▶ _What the task asks_: Leaving out the pictures, return word for word the stretch of entries below from the line holding "杭二中濱江校區(qū)一些學(xué)生家長(zhǎng)不約而同穿起旗袍。" through the line holding "The possibility of".
*** Source material
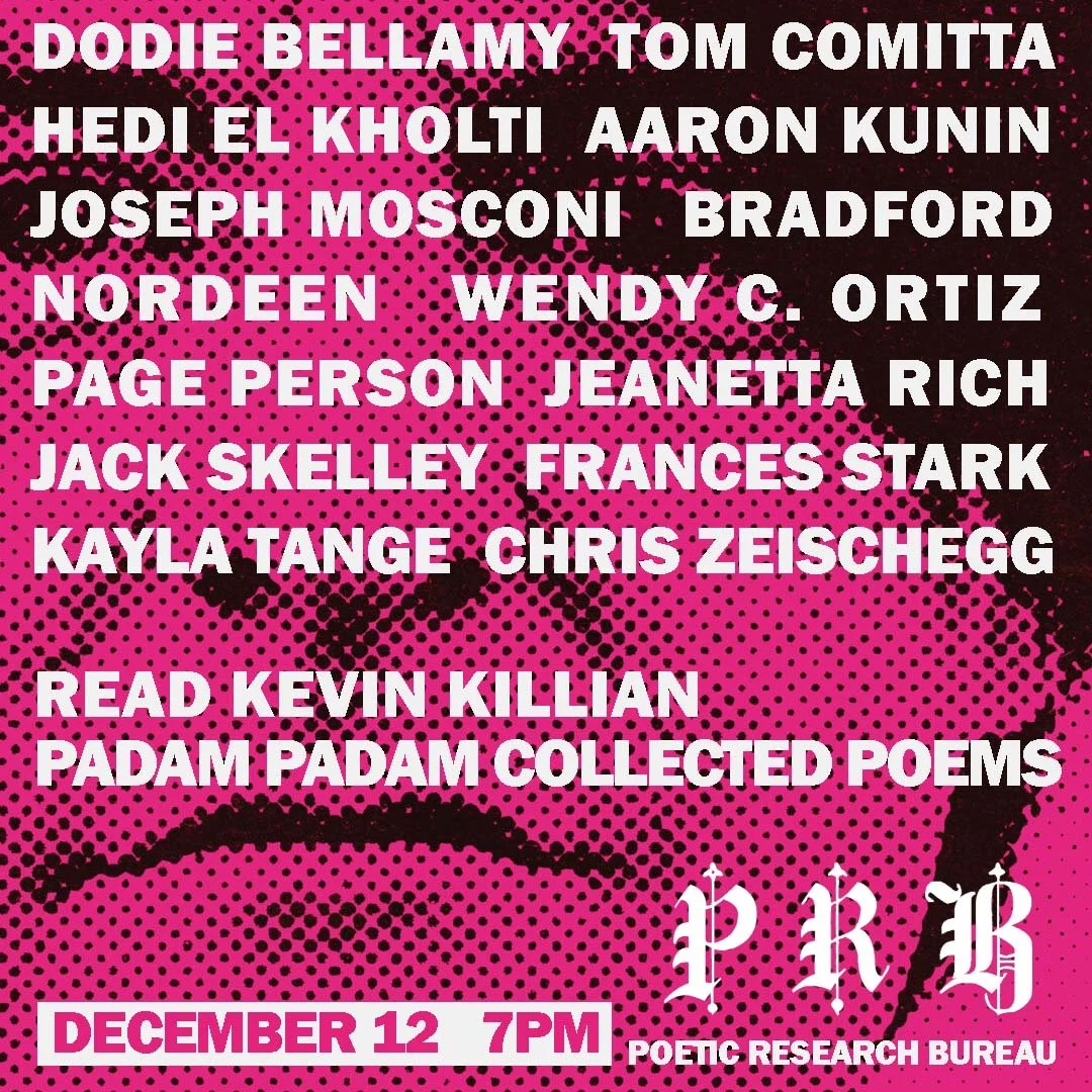 The Poetic Research Bureau presents the launch of Padam Padam: Collected Poems of Kevin Killian, edited by Evan Kennedy and Jason Morris. Featuring readings by Dodie Bellamy, Tom Comitta, Hedi El Kholti, Aaron Kunin, Joseph Mosconi, Bradford Nordeen, Wendy C. Ortiz, Page Person, Jeanetta Rich, Jack Skelley, Frances Stark, Kayla Tange and Chris Zeischegg.
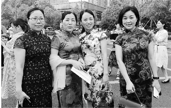 杭二中濱江校區(qū)一些學(xué)生家長(zhǎng)不約而同穿起旗袍。
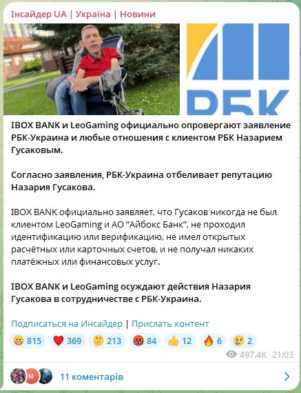 «Зокрема, за участі компаній IBOX BANK і LeoGaming поширюються фейки про нібито відбілювання репутації Гусакова нашою редакцією, що не має нічого спільного з редакційною діяльністю РБК-Україна», — йдеться у повідомленні медіа.
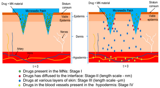 The possibility of developing modelling tools towards achieving MN optimisation and testing in support of experimental studies is beneficial and attractive. It can save both the costs and time by eliminating the need for many time-consuming and expensive experimental trials. Modelling MN based TDD typically deals with the simulation of three coupled sub-domains i.e., MNs, skin, and bloodstream. As shown in Figure 2, the drugs diffuse from the individual MN to the epidermis and/or dermis region of skin and subsequently reach the bloodstream. Figure 2 also shows the length scale and stages of drug transports in the MN. The differences in drug delivery behavior within the skin is due to the difference in the properties of different layers of skin.
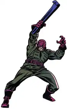 Dirk Garthwaite, a.k.a. the Wrecker, first appeared in Thor, and is depicted as a former manual laborer for a demolitions crew who is fired for his violent and anti-social tendencies. Garthwaite created a costume for himself and called himself the Wrecker, committing a series of robberies, demolishing looted locations and leaving a crowbar at the scene of the crime.[3] The Wrecker entered a hotel room occupied by Asgardian god Loki, the adopted brother and archenemy of the Thunder God Thor. Upon knocking out the de-powered Loki, the Wrecker put on his helmet and received an enchantment from Loki's ally, Karnilla the Norn Queen, who assumed he was Loki because the Wrecker was wearing his helmet and she only saw him from the back. Therefore, Karniila was the source of his newfound enchanted powers. Reveling in his power, the Wrecker embarked on a crime spree and defeated Thor who, at the time, had had his power severely reduced by his father Odin (ruler of the Norse gods) as punishment for choosing to remain on Earth. A building collapsed onto the Thunder God, nearly killing him. The Wrecker was defeated by the Asgardian goddess Sif, who animated the armor of the Asgardian Destroyer to save Thor. The Wrecker's crowbar was shattered.[4]
******
▶ _Task answer_:
 杭二中濱江校區(qū)一些學(xué)生家長(zhǎng)不約而同穿起旗袍。
 «Зокрема, за участі компаній IBOX BANK і LeoGaming поширюються фейки про нібито відбілювання репутації Гусакова нашою редакцією, що не має нічого спільного з редакційною діяльністю РБК-Україна», — йдеться у повідомленні медіа.
 The possibility of developing modelling tools towards achieving MN optimisation and testing in support of experimental studies is beneficial and attractive. It can save both the costs and time by eliminating the need for many time-consuming and expensive experimental trials. Modelling MN based TDD typically deals with the simulation of three coupled sub-domains i.e., MNs, skin, and bloodstream. As shown in Figure 2, the drugs diffuse from the individual MN to the epidermis and/or dermis region of skin and subsequently reach the bloodstream. Figure 2 also shows the length scale and stages of drug transports in the MN. The differences in drug delivery behavior within the skin is due to the difference in the properties of different layers of skin.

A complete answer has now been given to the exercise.